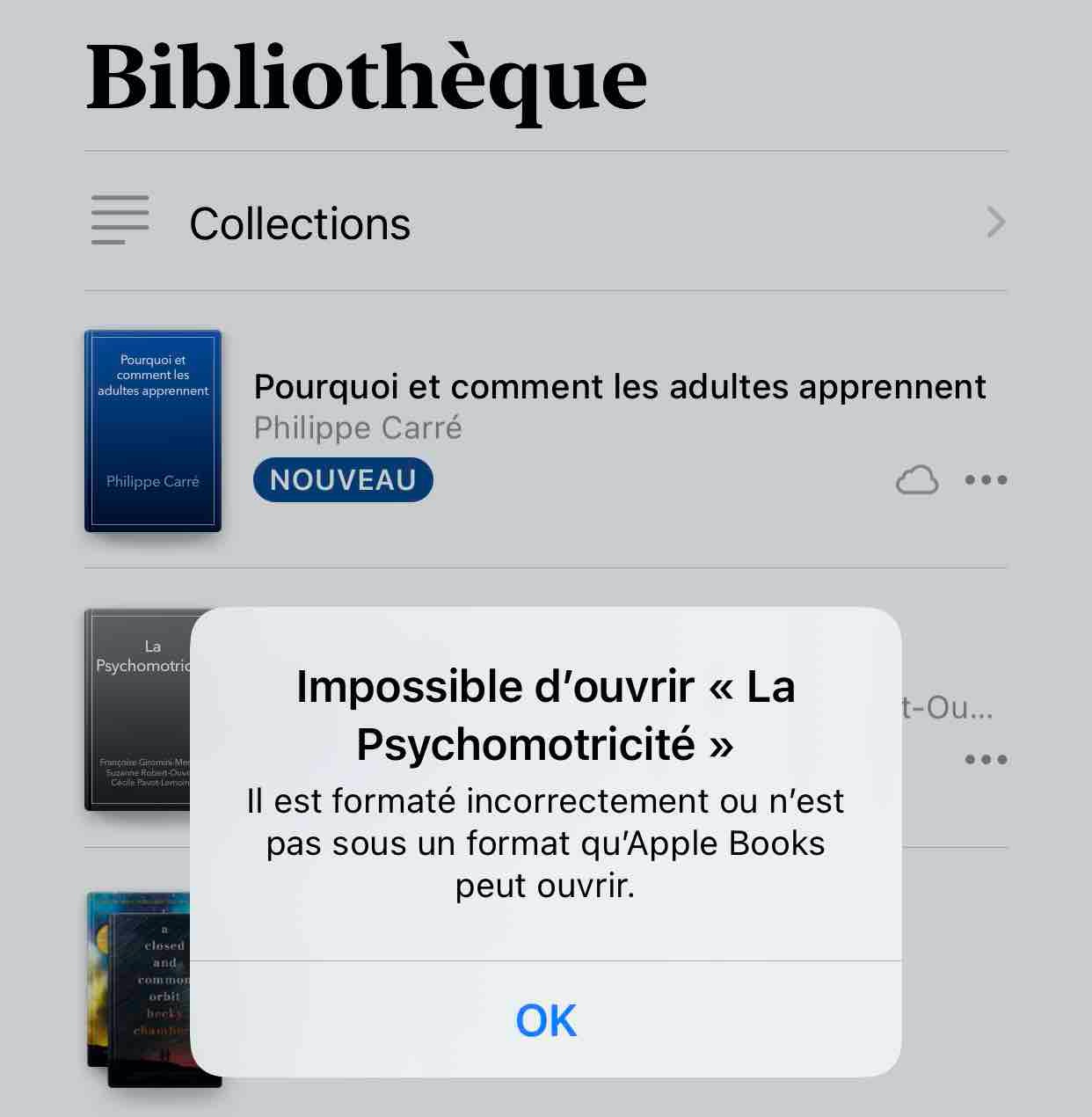 Enfin, je te conseille de regarder directement sur le site de l'éditeur auprès duquel tu as acheté ce livre s'il est compatible avec l'app Livres d'iOS.
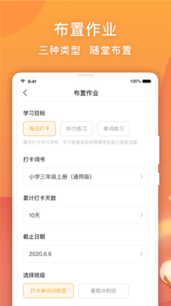 因人而教,针对每个学生的学习情况,更有针对性的布置单词作业,三大作业类型,练习、听力、打卡。针对单词薄弱的学生可以留“打卡”作业,让该学生培养起天天背单词的习惯。
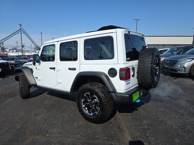 Sky 1-Touch Power! Arrival! 2025 Bright White Clearcoat Jeep Wrangler Rubicon 4xe 4WD 2.0L I4 DOHC 8-Speed Automatic This Jeep Wrangler has many features and is well equipped including, Passed 101 Point Dealership Safety Inspection!, 4.10 Rear Axle Ratio, 4G LTE Wi-Fi Hot Spot, Apple CarPlay/Android Auto, Auto High Beam Headlamp Control, Automatic temperature control, Blind Spot & Cross Path Detection, Convenience Group, Fully automatic headlights, Heated Front Seats, Heated Steering Wheel, Integrated Voice Command w/Bluetooth, ParkSense Rear Park Assist System, ParkView Rear Back-Up Camera, Power Top Quarter Window Storage Bag, Quick Order Package 29V Rubicon 4xe, Radio: Uconnect 5 w/12.3" Display, Rear Window Defroster, Rear Window Wiper/Washer, Remote keyless entry, Remote Start System, Removable Rear Quarter Windows, Safety Group, Security system, Sky 1-Touch Power Top, Tilt steering wheel, Universal Garage Door Opener, Wheels: 17" x 7.5" Machined w/Black Pockets.
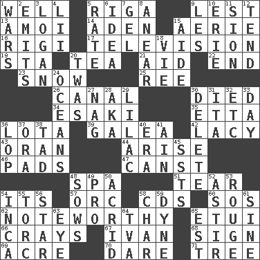 ACROSS 1. Not ill 5. Port city in Latvia 9. For fear that 13. Mine, in Marseilles 14. Arabian gulf 15. Nest on high 16. Swiss mountan, "Queen of the Mountains" 17. Boob tube 19. R.R. building 20. Beverage made from leaves 21. Assist 22. Conclusion 23. Overwhelm 25. To separate or throw off 26. Lessep's creation 30. Passed on 34. 1973 Nobel Price Winner (Physics) Leo 35. Singer James 36. Globular water bottle used in Asia 39. An organ shaped like a helmet 42. Made of lace 43. Northwest Algerian city 44. Originate 46. Groovy apts. 47. 2nd pers. sing. pres. of can (arch.) 48. Health resort 51. Rend 54. It is 57. The grampus (Milton) 58. Music discs 60. Mayday 62. Music shop? 65. Needle holder 66. Trading vessels 67. _ the terrible 68. Attach a signature 69. Land measure 70. Have the gumption 71. Family _ (genealogy) DOWN 1. Armed conflicts 2. Gives off 3. Utah city north of Ogden 4. Cards in a Roman deck? 5. Pace 6. The content of cognition 7. Set 8. Approach 9. French article 10. One of the Great Lakes 11. The Jewish people; Israel 12. Look after 15. Helper 18. Compete 20. It was, poetically 24. Seas 27. Tired old horse 28. Alias (abbr.) 29. Pale purple color 30. Erase 31. Call ___ day 32. And so on (abbr.) 33. 24 hours 36. Chop off 37. Mouth or opening 38. Bit 40. Epoch 41. The 18th letter of the Arabic alphabet 45. Fast planes 48. Sty mamas 49. Adept person 50. Bitter 52. Moving about 53. Makeup applied to the cheeks 54. South American Indian 55. Torque (variant) 56. Play the lead 58. Burn to charcoal 59. Unit of force 61. Trig term 63. Sight organ 64. Federal power corp. 65. Eastern Standard Time (abbr.)
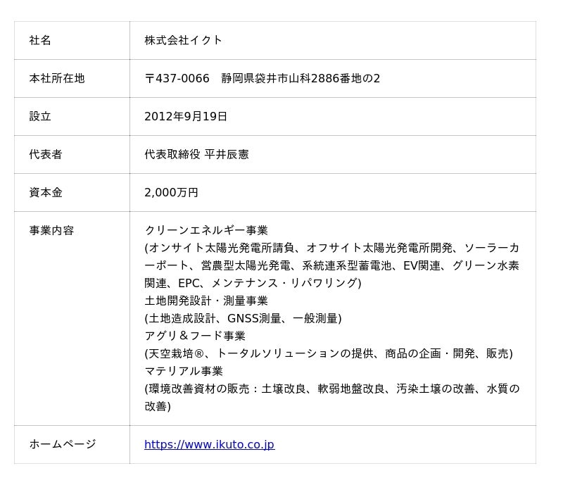 株式会社イクト(本社:静岡県袋井市、代表取締役:平井辰憲、以下 イクト)と、地盤調査・解析・補償サービスなどを展開する地盤ネット株式会社(本社:東京都新宿区、代表取締役社長:石井大樹、以下 地盤ネット)は、再生可能エネルギー(以下 再エネ)の安定供給を目指してソーラーカーポート事業における業務提携契約を2026年4月22日に締結いたしました。
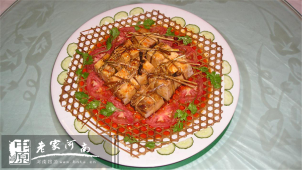 這是八里溝山民過去春節(jié)的菜肴,用豬肉做成,切成方塊,放上調(diào)料、鹽,捆上野草,蒸制而成。食用時用筷子挑開野草,做工考究,色香味俱佳,獨具地方特色。
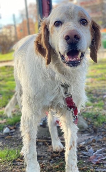 Mael ist ein bildhübscher Kerl. Mit seinem hellen Fellkleid, den hellbraunen Schlappohren und den Pünktchen im Gesicht ist er ein absoluter Hingucker. Er ist ein stattlicher Kerl und im besten Alter, um noch ein toller Familienhund zu werden.
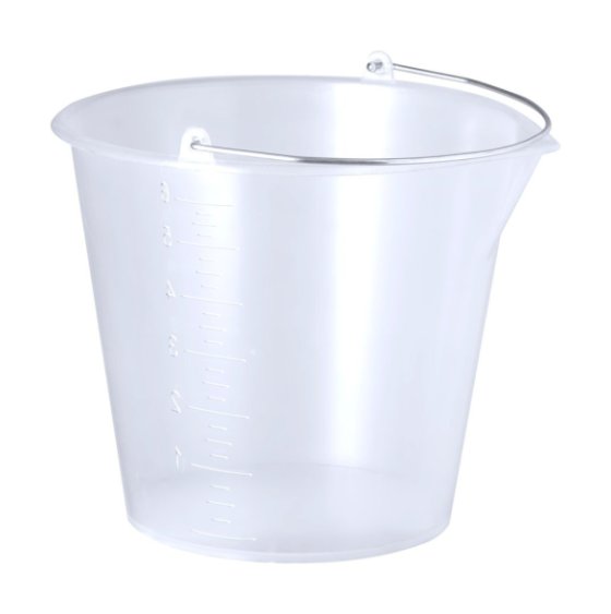 Tartós, átlátszó PP műanyag vödör fém fogantyúval és oldalsó mérőpohárral. 6L
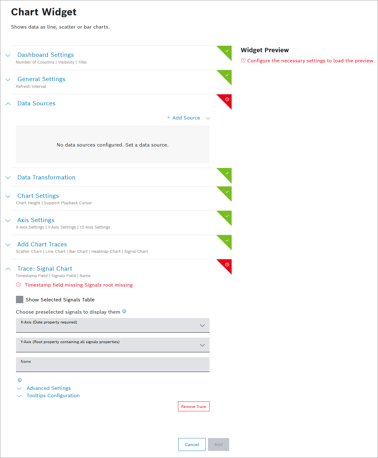 → The chart trace is added and can be configured as described in the corresponding chapters.
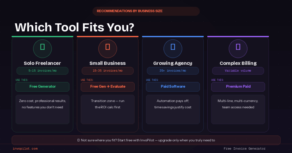 Start with InvoPilot or similar modern free generator for the first six months. Focus on establishing consistent billing processes and understanding actual needs rather than projected requirements.
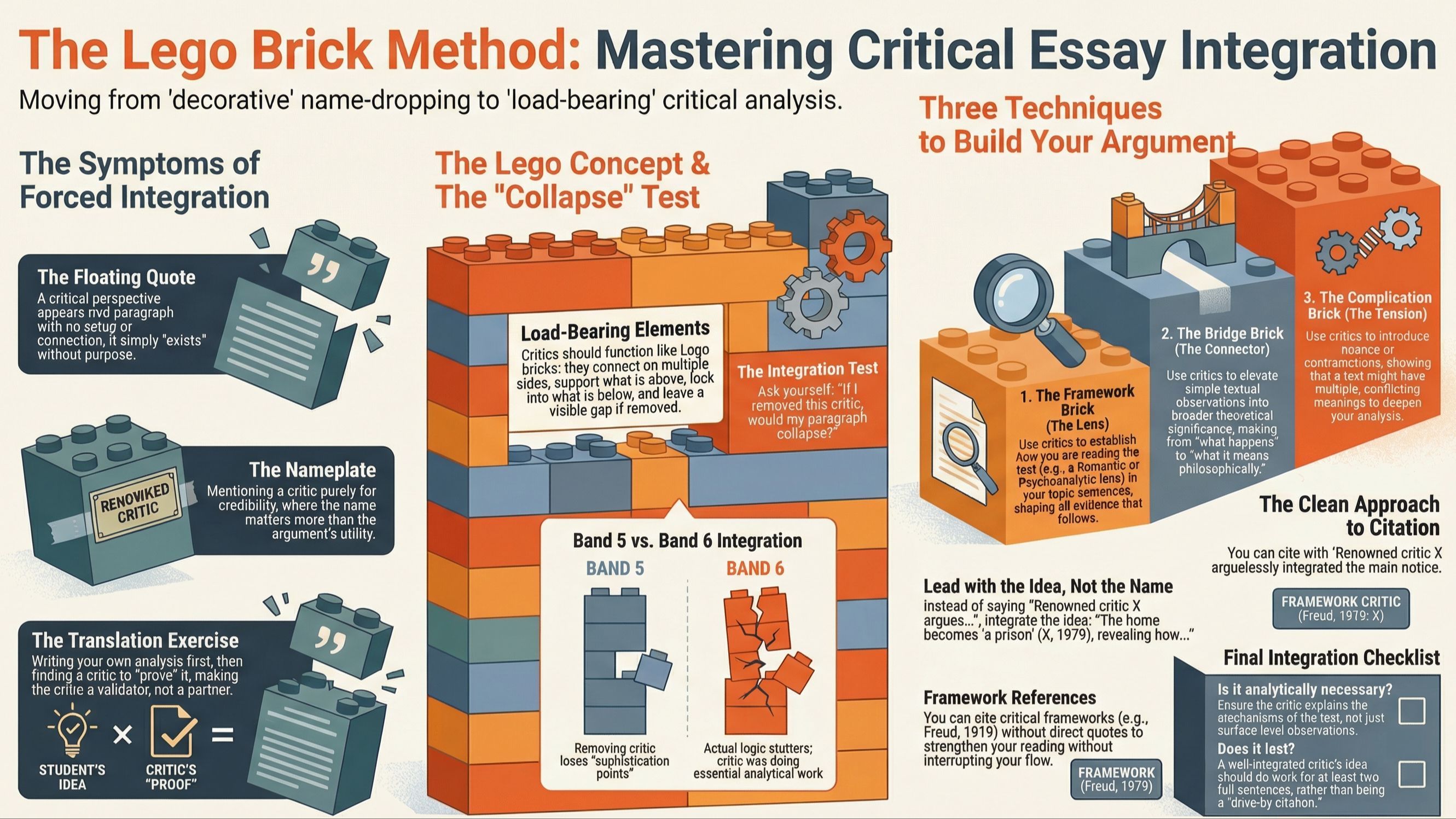 Markers can spot this instantly. The critic appears, says something vaguely relevant, then disappears. No connection to your argument. No integration with textual evidence. Just a name-drop that screams "I needed to tick a rubric box."
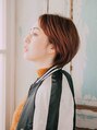 顎くらいのショートグラデーションスタイル。ボリュームの位置を高くしてトップにレイヤーが入ることでふんわりと。カラーは明るめで陽気的な雰囲気のカッパーブラウンに。耳にかけることで顔周りがスッキリヘルシーな女性像に。
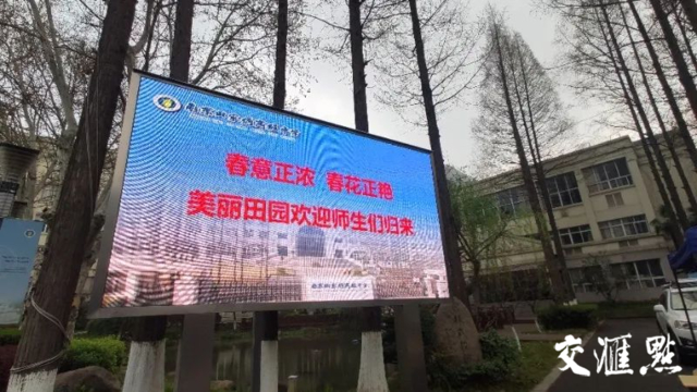 “欢迎回校”的大屏幕已经亮起来了。
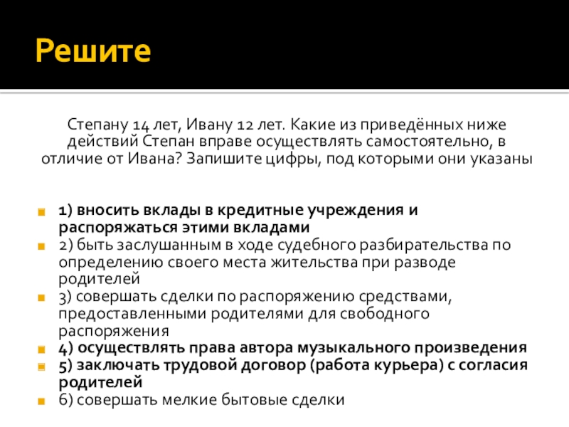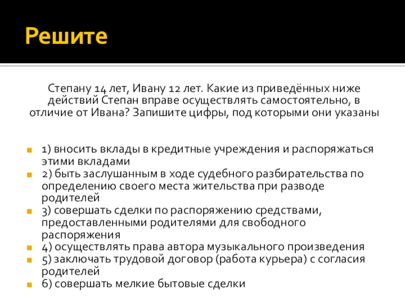 Степан вправе осуществлять самостоятельно, в отличие от Ивана? Запишите цифры, под которыми они указаны
_ _ _ _ _
## Prompt
Only one part of the listing is wanted: the lines from the one containing "Mael ist ein" through the one containing "the corresponding chapters.", both included. Please transcribe it exactly, leaving out the pictures.

## Result
 Mael ist ein bildhübscher Kerl. Mit seinem hellen Fellkleid, den hellbraunen Schlappohren und den Pünktchen im Gesicht ist er ein absoluter Hingucker. Er ist ein stattlicher Kerl und im besten Alter, um noch ein toller Familienhund zu werden.
 Tartós, átlátszó PP műanyag vödör fém fogantyúval és oldalsó mérőpohárral. 6L
 → The chart trace is added and can be configured as described in the corresponding chapters.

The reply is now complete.